### [TASK REQUIREMENTS]
Skip the pictures. Give all the data again exactly.
--- SUPPLIED DATA Enclosed Below ---
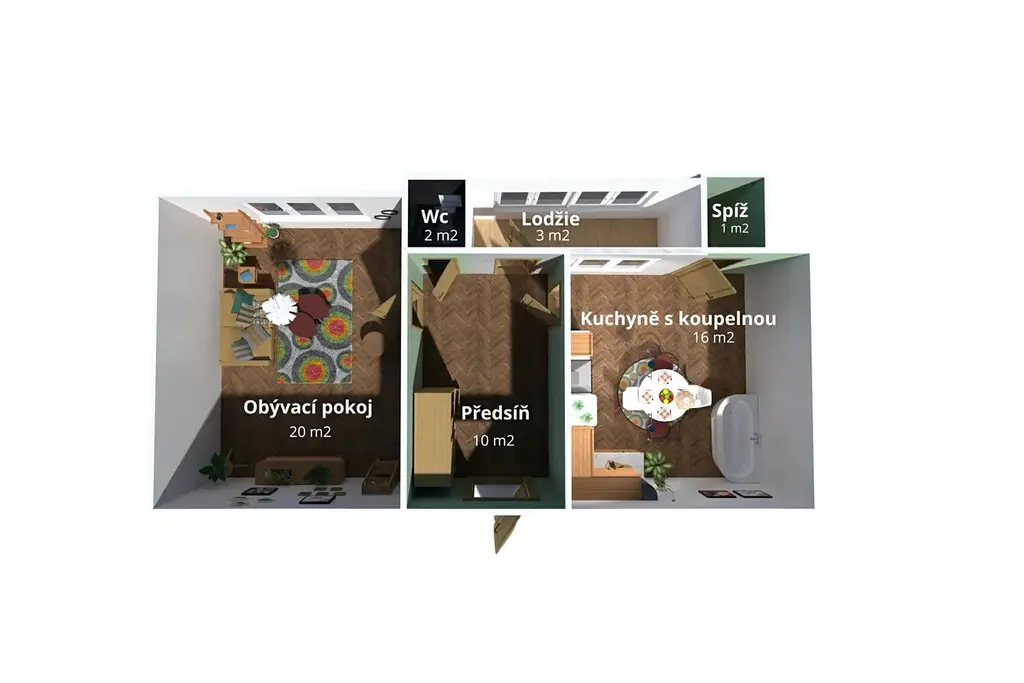 Velkou výhodou je prostorná lodžie, kterou lze zajímavě využít například jako rozšíření obytného prostoru.
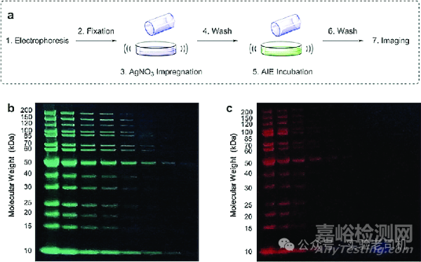 雖然銀染法的靈敏度遠(yuǎn)高于考馬斯亮藍(lán)染色,但其操作步驟較為復(fù)雜,且甲醛的使用讓凝膠中蛋白化學(xué)交聯(lián),導(dǎo)致質(zhì)譜不兼容;線性范圍窄,不太適合量化;核酸、脂類、糖脂類化合物常會(huì)對(duì)銀染染色的結(jié)果進(jìn)行干擾,導(dǎo)致實(shí)驗(yàn)重復(fù)率低。
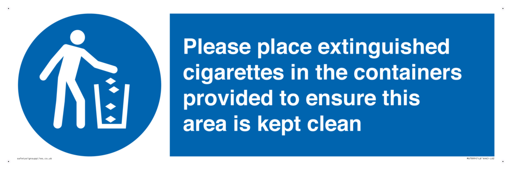 Sign Text: Please place extinguished cigarettes in the containers provided to ensure this area is kept clean
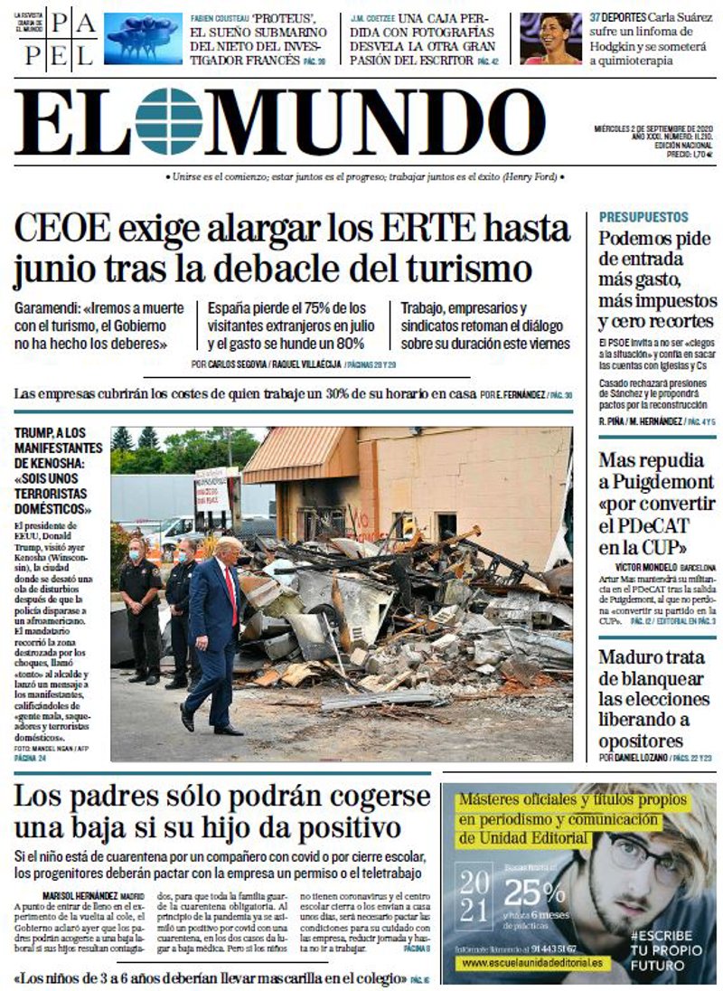 EL MUNDO: "CEOE exige alargar los ERTE hasta junio tras la debacle del turismo"; "Los padres sólo podrán cogerse una baja si su hijo da positivo"; "Podemos pide de entrada más gasto, más impuestos y cero recortes"; "Mas repudia a Puigdemont "por convertir el PDeCAT en la CUP""; "Maduro trata de blanquear las elecciones liberando a opositores"; "Trump, a los manifestantes de Kenosha: "Sois unos terroristas domésticos"".
--- End of Enclosed SUPPLIED DATA ---
### [SOLUTION FOR THIS EXERCISE]
 Velkou výhodou je prostorná lodžie, kterou lze zajímavě využít například jako rozšíření obytného prostoru.
 雖然銀染法的靈敏度遠(yuǎn)高于考馬斯亮藍(lán)染色,但其操作步驟較為復(fù)雜,且甲醛的使用讓凝膠中蛋白化學(xué)交聯(lián),導(dǎo)致質(zhì)譜不兼容;線性范圍窄,不太適合量化;核酸、脂類、糖脂類化合物常會(huì)對(duì)銀染染色的結(jié)果進(jìn)行干擾,導(dǎo)致實(shí)驗(yàn)重復(fù)率低。
 Sign Text: Please place extinguished cigarettes in the containers provided to ensure this area is kept clean
 EL MUNDO: "CEOE exige alargar los ERTE hasta junio tras la debacle del turismo"; "Los padres sólo podrán cogerse una baja si su hijo da positivo"; "Podemos pide de entrada más gasto, más impuestos y cero recortes"; "Mas repudia a Puigdemont "por convertir el PDeCAT en la CUP""; "Maduro trata de blanquear las elecciones liberando a opositores"; "Trump, a los manifestantes de Kenosha: "Sois unos terroristas domésticos"".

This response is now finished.